# lead shot



## hunter boy (Oct 4, 2014)

hi is 15mm lead balls to big for hunting game like squirrels and pigeons. the catty i use is a Barnett cobra


----------



## TLG_Catapults (May 5, 2014)

Yes it is , will fly to slow to get anything with that slingshot , use 1/2 steel or 44. lead . Works best on that game .


----------



## treefork (Feb 1, 2010)

Maybe this will help. http://slingshotforum.com/topic/16188-effective-hunting-setups/


----------



## Jacktrevally (Feb 14, 2011)

15mm lead is too big, get yourself a few 12mm lead balls.


----------



## zippo (Jul 9, 2014)

Its big, the question of too big is upto your bands, if you can get it to fly fast enough it would work fine, but you can get fast velocity easier with small ammo, most people use smaller ammo such as 10 and 12 mm lead balls.


----------



## Nicholson (Sep 25, 2012)

My setup for .56 caliber lead balls is pretty hefty with both tubes and flatbands.

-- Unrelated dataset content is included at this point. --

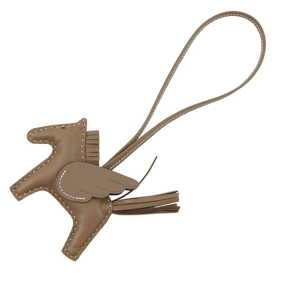 エルメス バッグチャーム ロデオPM ペガサス エトゥープ ラムスキン W刻印

Shoot you could probably cut those leadballs in half and have two projectiles, two for the price of one. but if you can get the ball going 140 fps or so sure. im not sure the caliber conversion but I know 15mm to me is like a cannonball .56 CAL comes to mind


----------



## Charles (Aug 26, 2010)

I agree with the others. That ammo is probably too big. You will have higher velocity, and thus flatter trajectory with lighter ammo. For lead, anything in the .40 to .45 caliber range would be good. In metric, that would be 10 mm to 11 or 12 mm. To move 15 mm (.59 caliber) lead at reasonable velocity (175 fps) would require bands too heavy for comfortable, accurate shooting for most folks.

Cheers .... Charles


----------